Dear Dale,
Unfortunately, lack of documentation is not what I hint at. I believe there are many, many documents. What the three cases (and many others) have in common is the simple fact that the vast majority of the respective populations (Goan, French, Portuguese) offered no resistance to the regimes in question, lived quietly and peacefully through them and only occasionally, very occasionally, did the freedom fighter ultra-minority obtain active support for the population at large. More: a considerable amount of people, in Goa, in France, in Portugal, actively cooperated with the ruling powers of the time. This has been more that proved for the French case, and this alone prevents a reliable history of French resistance being told: nobody wants it.
There is another angle, an even more problematic one: the history of the freedom fighters who cooperated with the police. We don't like to be reminded of the sad history of those who were broken by torture and even of those who went all the way and started working for the police in result of having broken under torture.
We want even less to remember the others: those who worked with the police out of simple fear.
And finally there were the traitors, the double agents.
The real world is a murky world.
But it is not an even world: repression in France was unbelievably brutal.
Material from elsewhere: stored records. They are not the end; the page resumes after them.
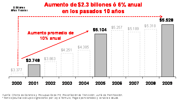 El patrón descrito de sobre-estimación de crecimiento económico y recaudos con su concurrente inflación de gastos permitió al Gobierno seguir aumentando la nómina gubernamental fuera de toda proporción con la realidad de nuestros recaudos y nuestra economía. La nómina del Gobierno creció un promedio de 6% anual, para un total de $2,300 millones, entre los años fiscales 2000 al 2009, mientras nuestra economía tuvo un crecimiento promedio de escasamente un 1% anual y efectivamente se ha contraído durante los últimos tres años. Específicamente, en el 2001 el gasto de nómina del Gobierno fue de $3,748 millones, mientras que, en este año 2009, el gasto de nómina se estima en los $5,528 millones. Desde el año fiscal 2005 al año fiscal 2009 la nómina creció $424 millones, a pesar de una recesión que empezó en el fiscal 2006. Del año 2001 al 2008, el Gobierno añadió no menos de 49,000 empleados. Este gigantismo gubernamental es la triste herencia de las últimas dos administraciones.
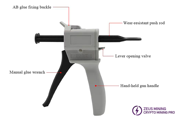 This product is a special extrusion gun for two-component pastes, which can accurately control the extrusion volume and is suitable for 50CC syringe filling (A group 25cc + B group 25cc).
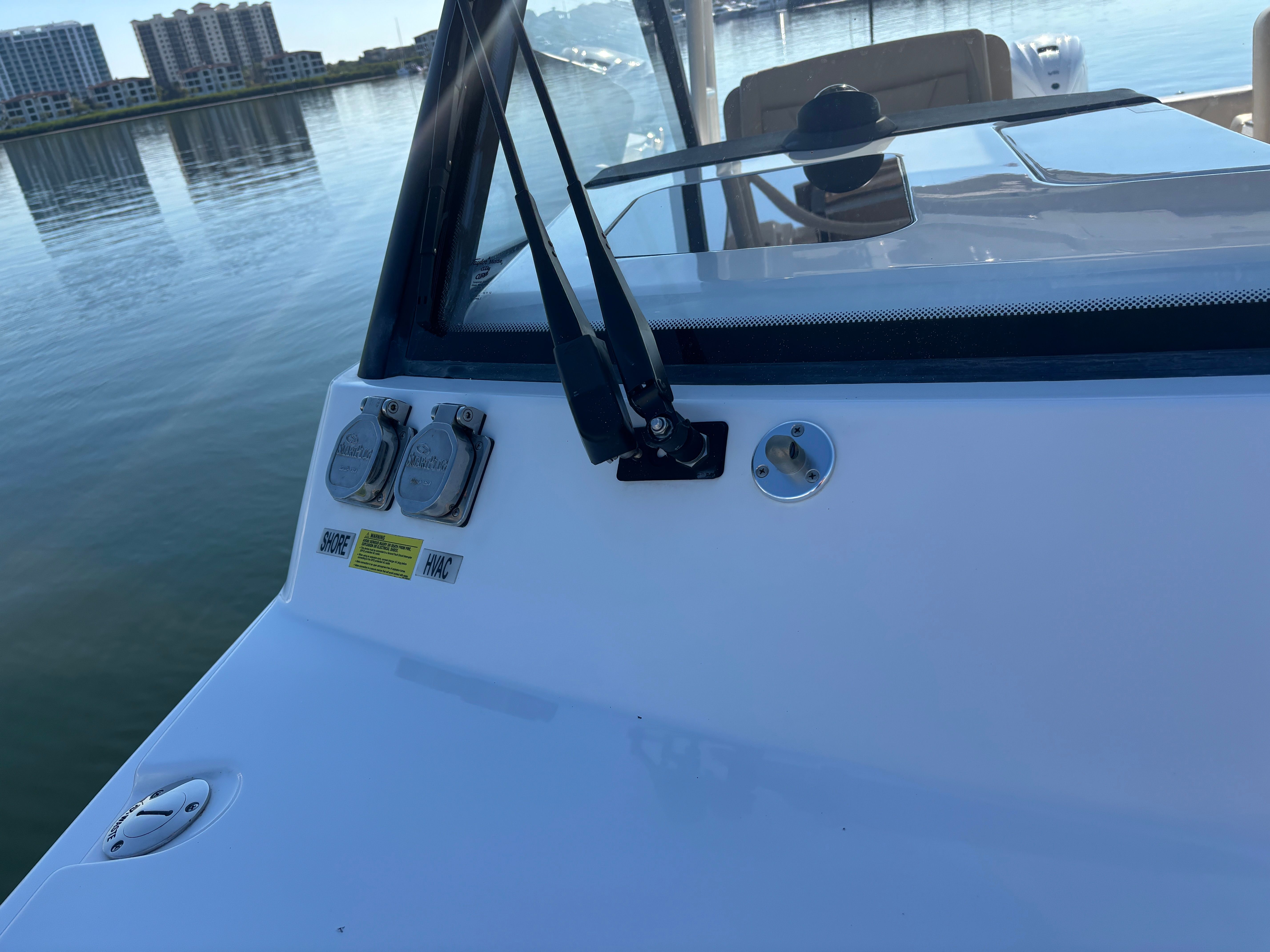 •Tempered glass windshield with powered center sliding panel and wiper and washer system at helm
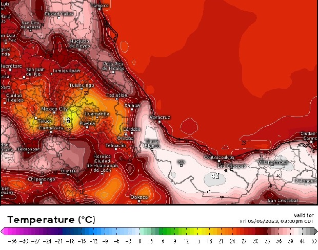 Los modelos de pronóstico indican para los siguientes siete días, temperatura media por arriba de la climatología y lluvia acumulada por abajo del promedio excepto en regiones de montaña del centro donde estaría por arriba. Por otra parte, los modelos climáticos indican un mes de mayor con lluvia acumulada igual o menor al promedio y más caluroso de lo normal.
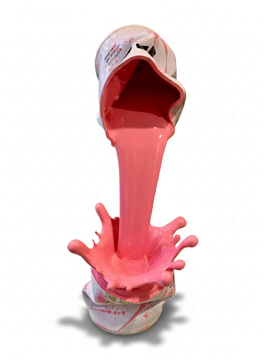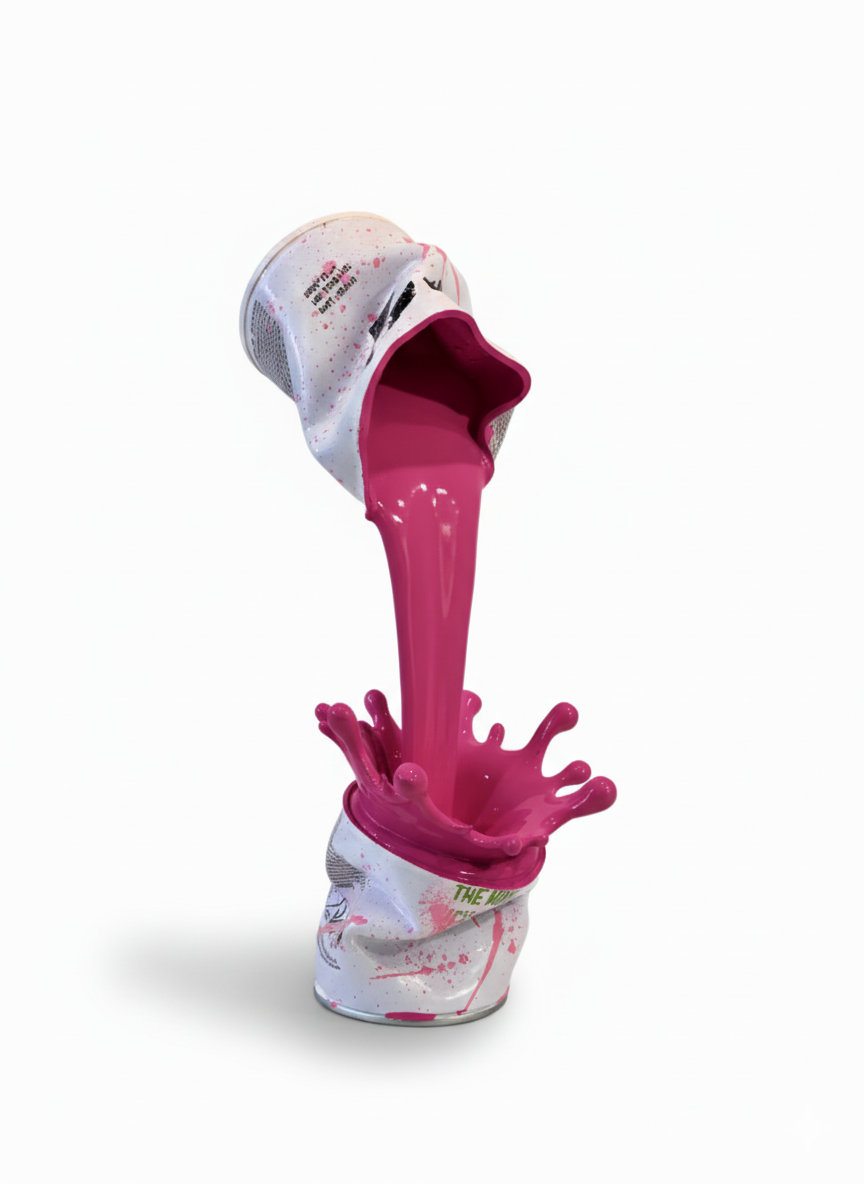 Fusionnant recyclage, résine, et un peu de magie, cette sculpture en lévitation donne l'illusion d'une éclaboussure de peinture suspendue.
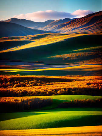 Captivating landscape of rolling hills and vineyards under a stunning sunset. The golden light illuminates the serene scene, evoking tranquility.
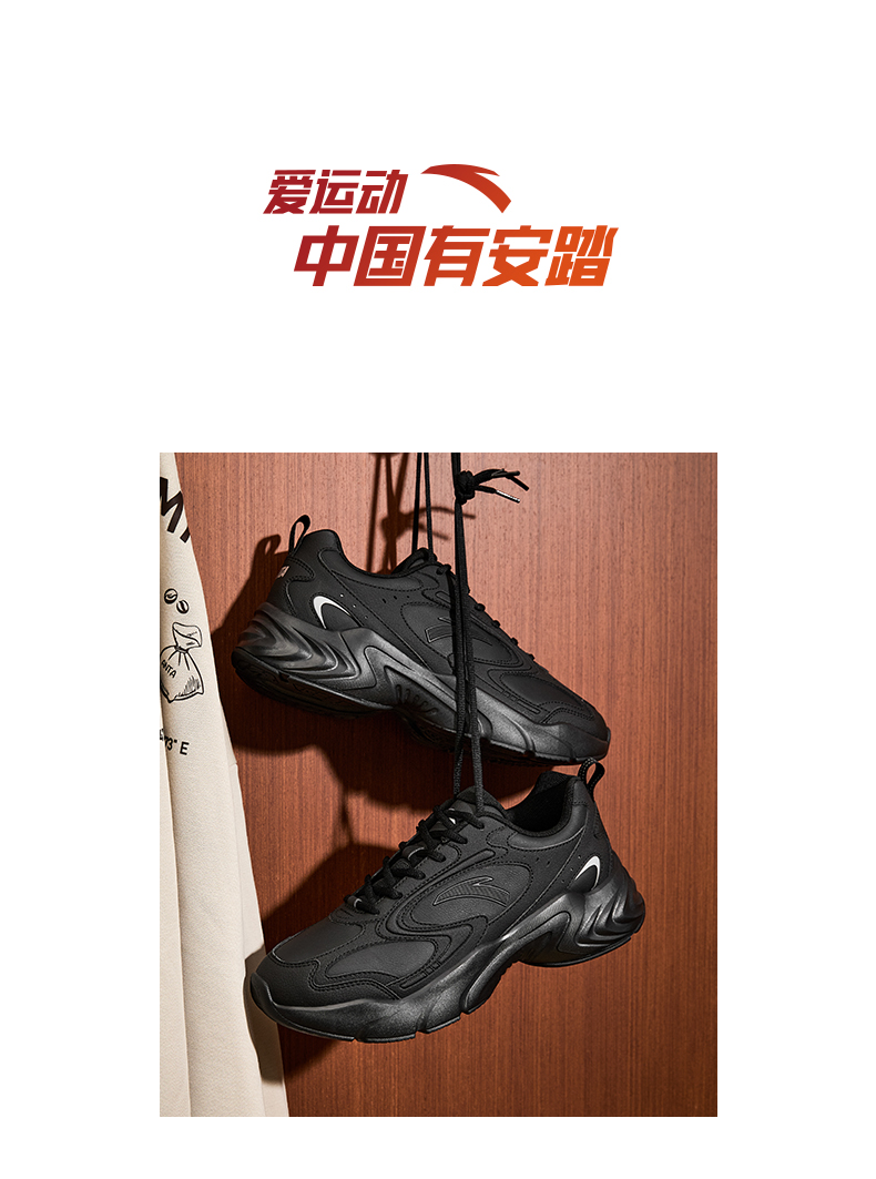 安踏厚底舒适休闲鞋男鞋2025冬季新款黑色百搭运动鞋子112548893
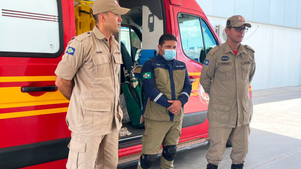 O Corpo de Bombeiros foi acionado após a mulher dar à luz a um menino, durante o...
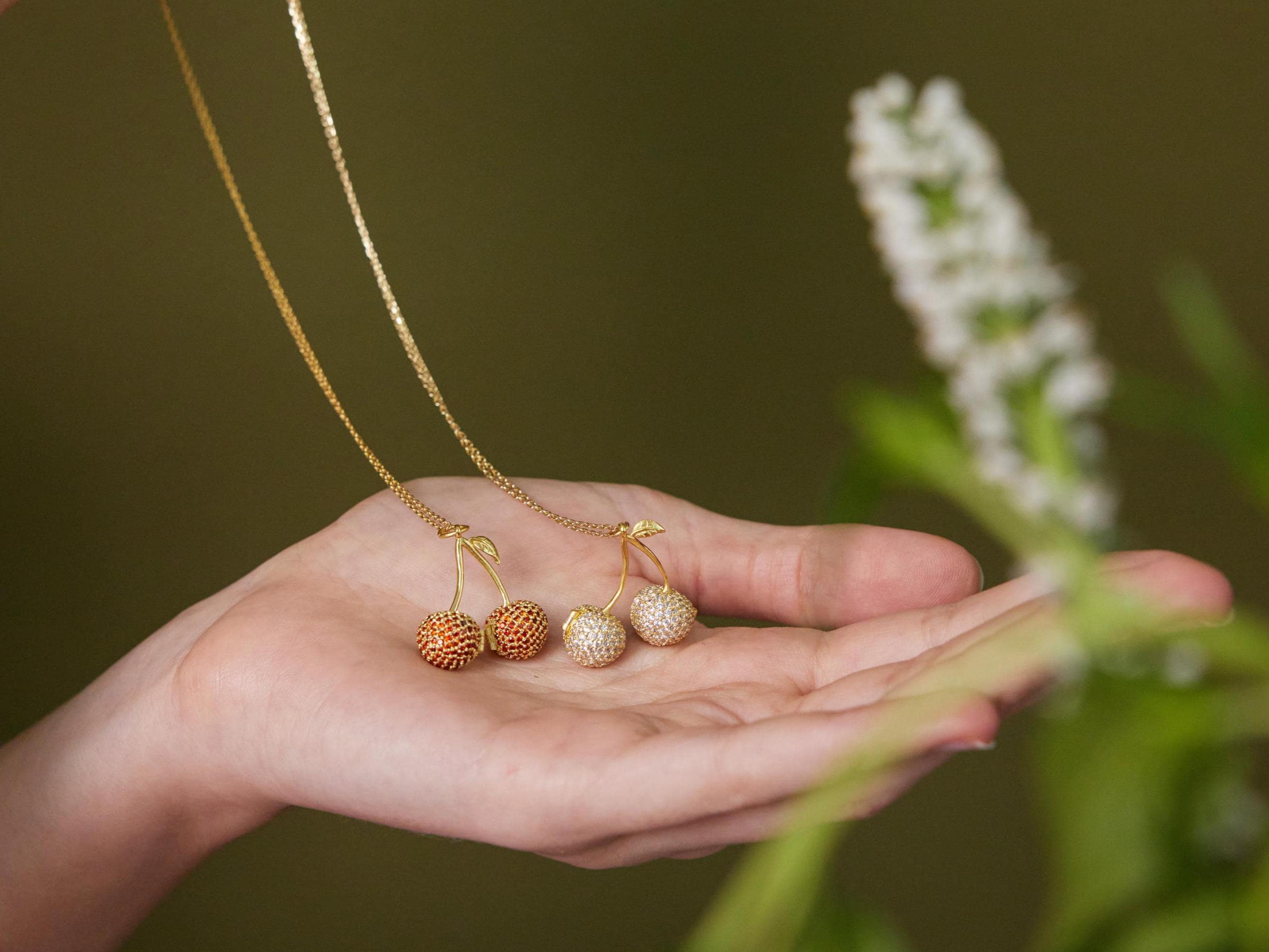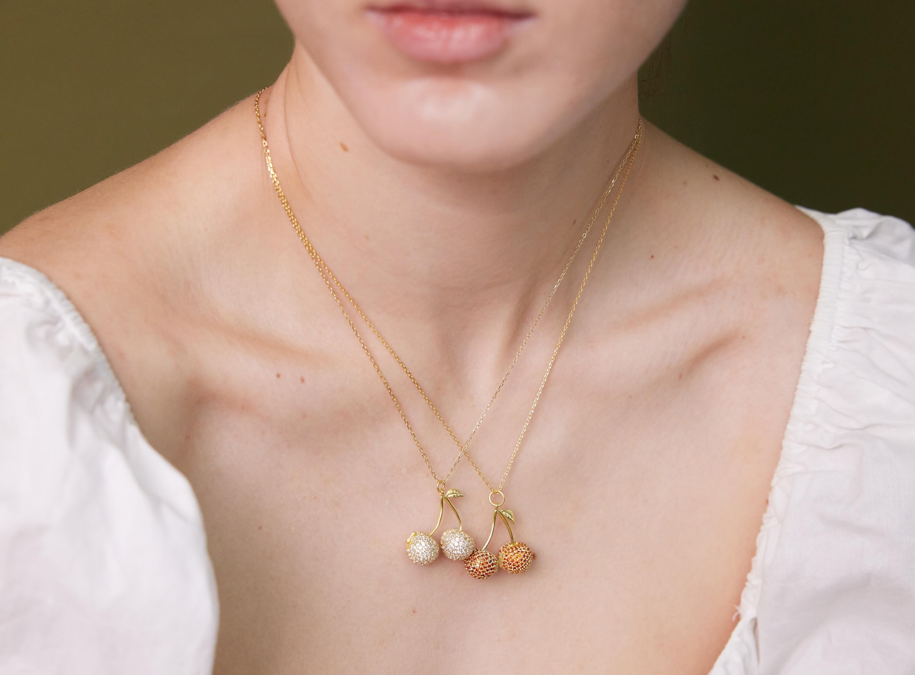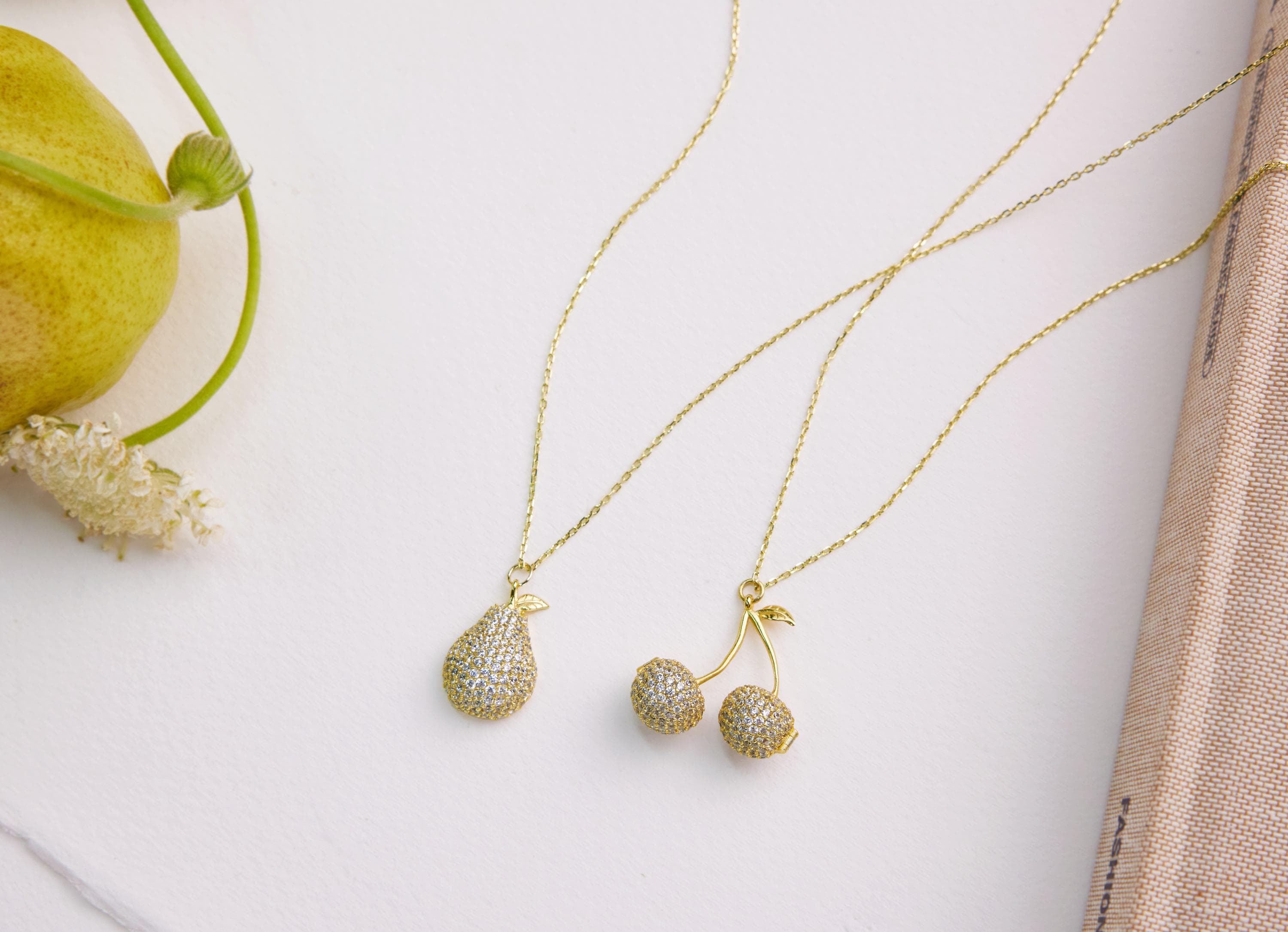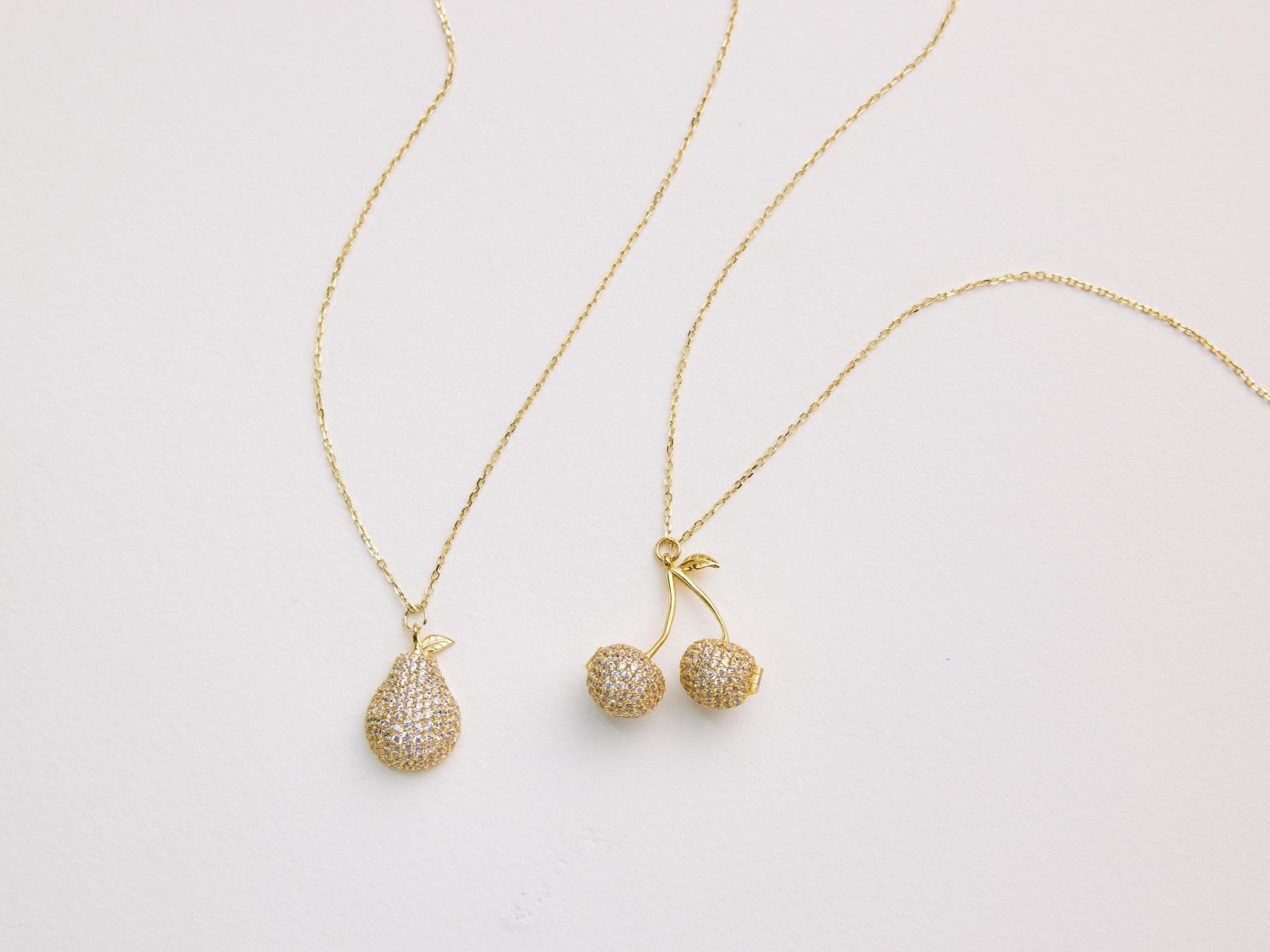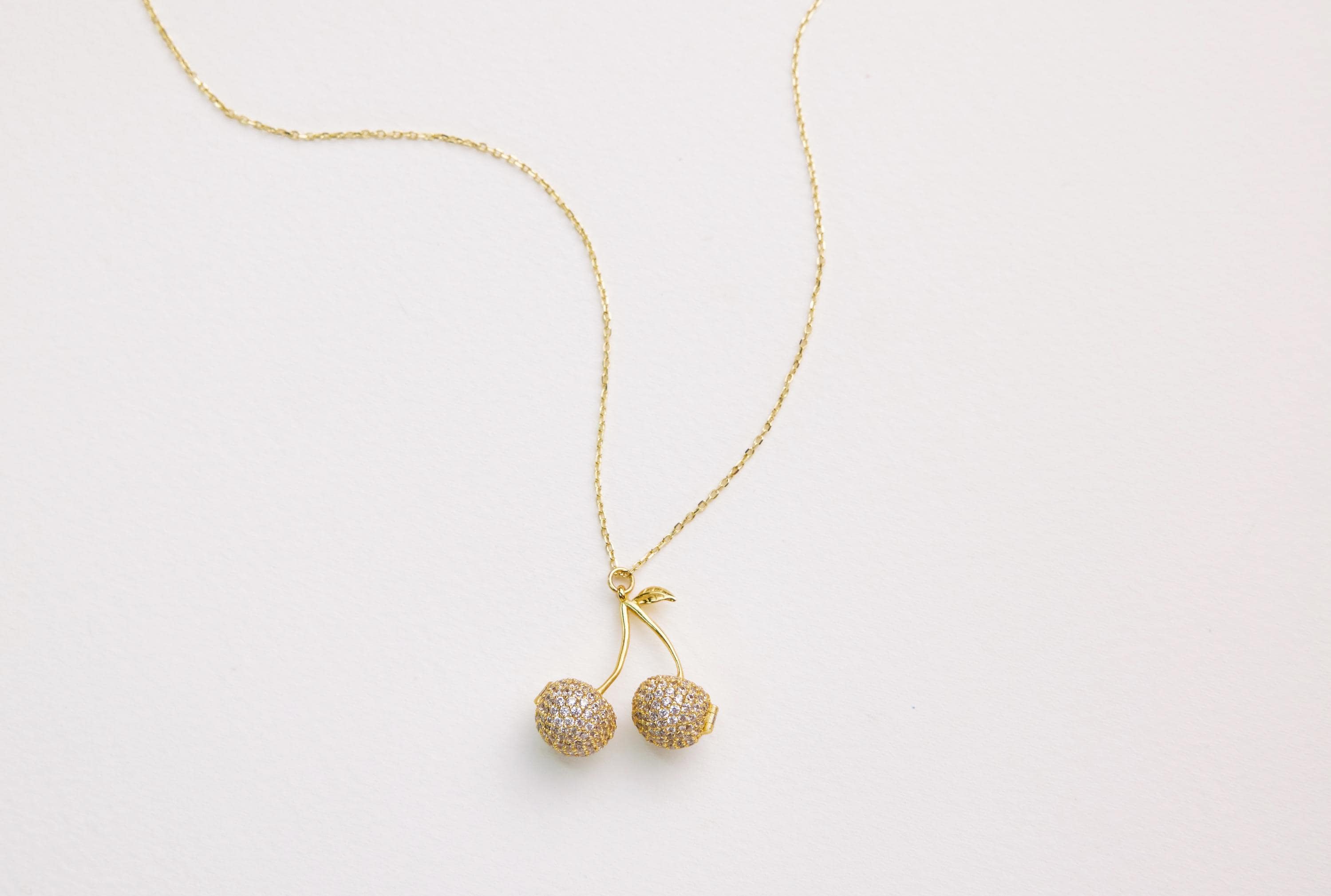 Pavé Cherry Necklace - Dainty Diamond Pendant

In Portugal, some resistant were treated with great harshness (communists), others with utter brutality (resistant in Portuguese Africa), many more leniently (bourgeois opposition in Portugal, except when they recurred to arms: my mother, an upper class lady, was brutally tortured, for instance, because she was an accomplice of my father in an armed attempt at overthrowing Salazar).
In Goa, as far as I know, there was no real brutality except occasionally. This probably explains why so few of the freedom fighters I have read about were treated with real harshness and so many were almost friendly with the police or the authorities. Of course, Salazar wanted no trouble in Goa, to keep Nehru hesitating. But there were other reasons too: Goan nattionalists were by and large not communists. Between the colonial authorities and the armed resistence there were one million shades of grey.
Yes hagiography is a problem. Because we need saints and we like to forget about our demons or about our reality as common people.